The CorTexT platform also provides research and development directly by creating tools and methods, but also by including the work carried out in community development or community computer science concerned with the sciences of complexity, artificial intelligence and automatic processing of language.
CorTexT Manager: a flagship project
After some years of experiences and experimentations within various research projects, datasets, trainings, etc. CorTexT has assembled and developed specific analytical tools that are today grouped together within a single online platform called CorText Manager. This application ambitions to answer a class of questions and is suited for certain type of data (textual, categorical, time series, etc.) with a specific angle (network mapping, structural approach, multi-dimensional analysis, word embedding, etc;). Those analysis can be composed in many ways. Users are encouraged to compose their own analytical paths according to their question and sensibility. This on-line application enable two types of approaches and the inter-operate in research or production of indicators:
– The numerical analysis of data. The tools provided will consist of positioning indicators of the individual in the scientific community and characterization of the collective, in the context of current thinking on the scientific assessment that go beyond the standard bibliometric approaches. In this context, the main sources of structured data is the foundation of scientific output (articles, citations, patents …) that provide calibrated data sets.

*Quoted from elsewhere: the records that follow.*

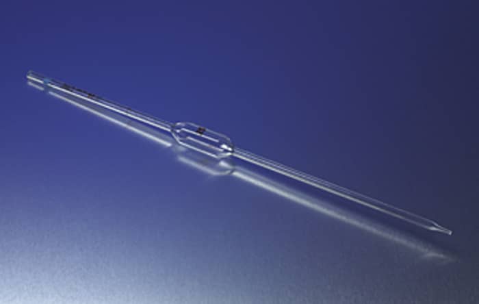These 50 mL PYREX® volumetric pipets are calibrated to Class A tolerances in accordance with ASTM E-542, and ASTM E-969. Each pipet is individually serialized and supplied with a Certificate of Identification and Capacity, traceable to NIST standards. New design allows more complete and efficient drainage. Color-coded markings enameled onto the glass.
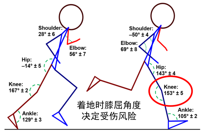 大众跑者着地瞬间膝屈角度明显大于运动员说明大众跑者着地时膝关节伸得更直刹车更明显
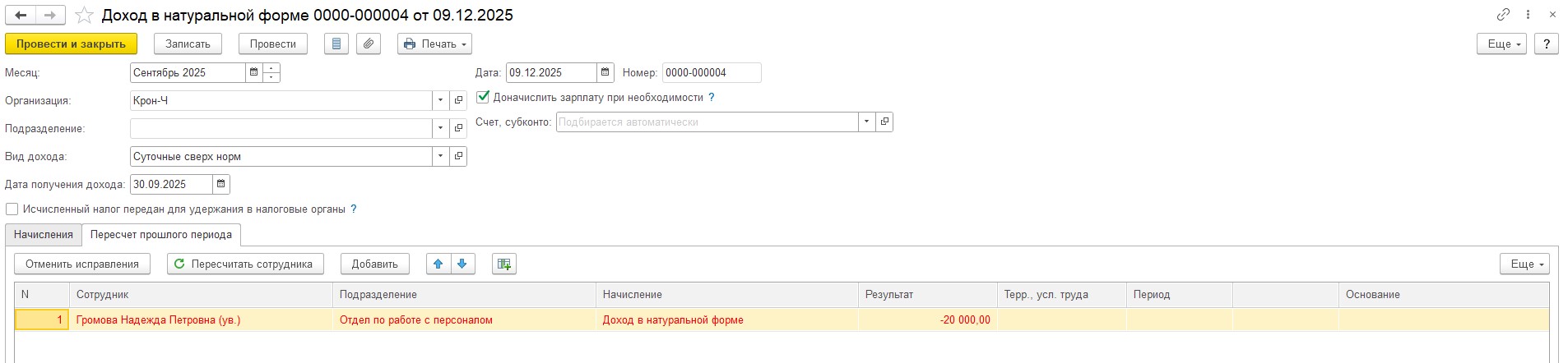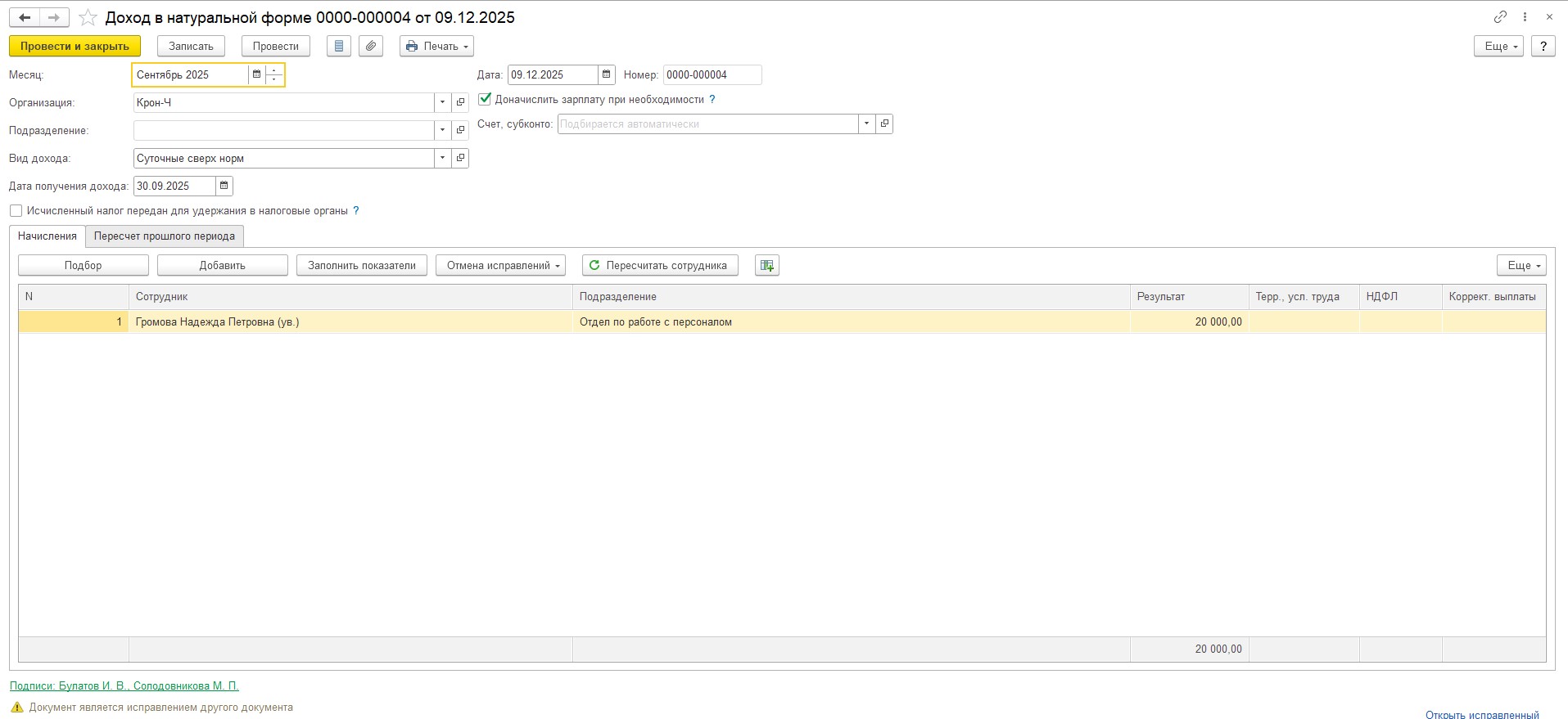 У меня такая ситуация. Во втором квартале отражала суточные сверх. норм. Ошибочно выбрала другой вид начисления по натуральным доходам. Ошибка заметила только в третьем квартале. Сделала документ исправление.
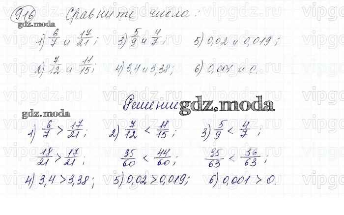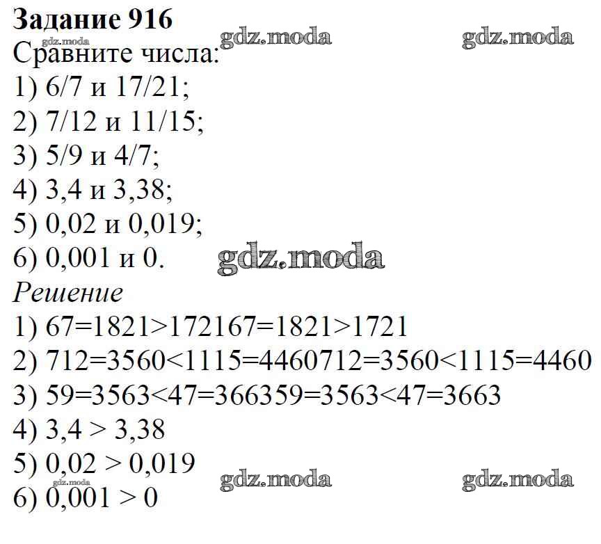 ОТВЕТ на задание № 916 Учебник по Математике 6 класс Мерзляк Алгоритм успеха
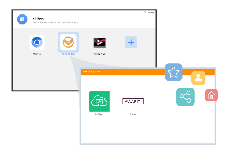 Access and install CMS software, offering more options, from our Partner App Zone. Transform your screens into dynamic platforms to captivate customers. Effortlessly manage content with robust, secure, and scalable digital signage solutions.
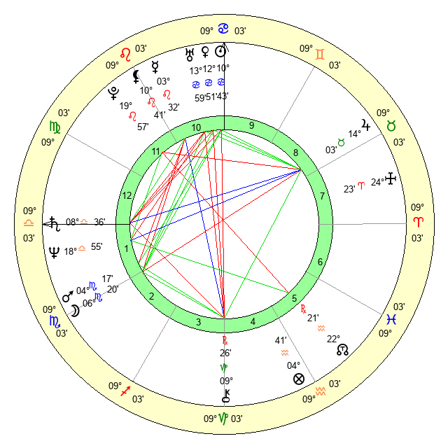 | Moon | 6 Scorpio 12 | 9 Libra 59 | 19 Cancer 55 |
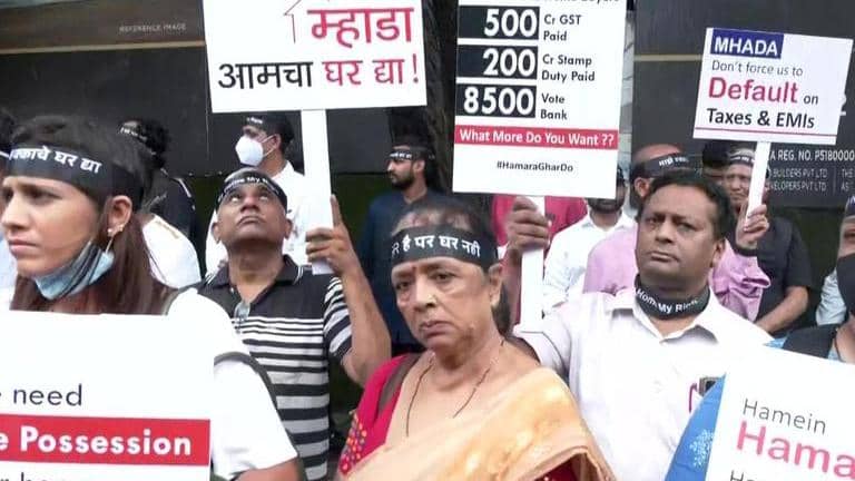 Hundreds of home buyers in Maharashtra's Patra Chawl redevelopment project staged protest against the MHADA over the delayed possession of apartments.
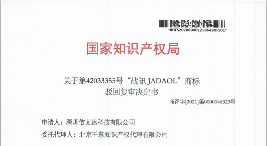 热烈祝贺第42033355号"战讯JADAOL ”商标驳回复审案成功
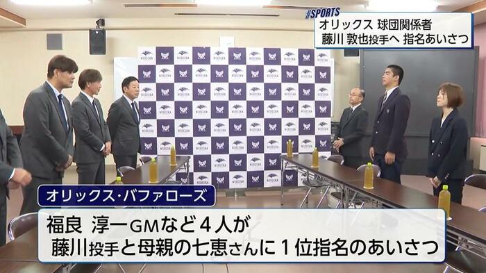 延岡学園高校を訪れたのは、福良淳一ゼネラルマネージャーを含む4人。藤川投手と母・七恵さんに対し、1位指名のあいさつをした。

– Distributional, relational and geocoded analysis From textual data often heterogeneous, available on the Internet more or less easy, qualified non-calibrated data, is to show all relationships between different concepts or actors to describe a particular space (a theme, region, debate, controversy, a discipline, an area up …). A classic example would be, for example, to analyze reports of public discussion (blogs, newspapers, …) to make explicit the relationship between actors and arguments in controversy.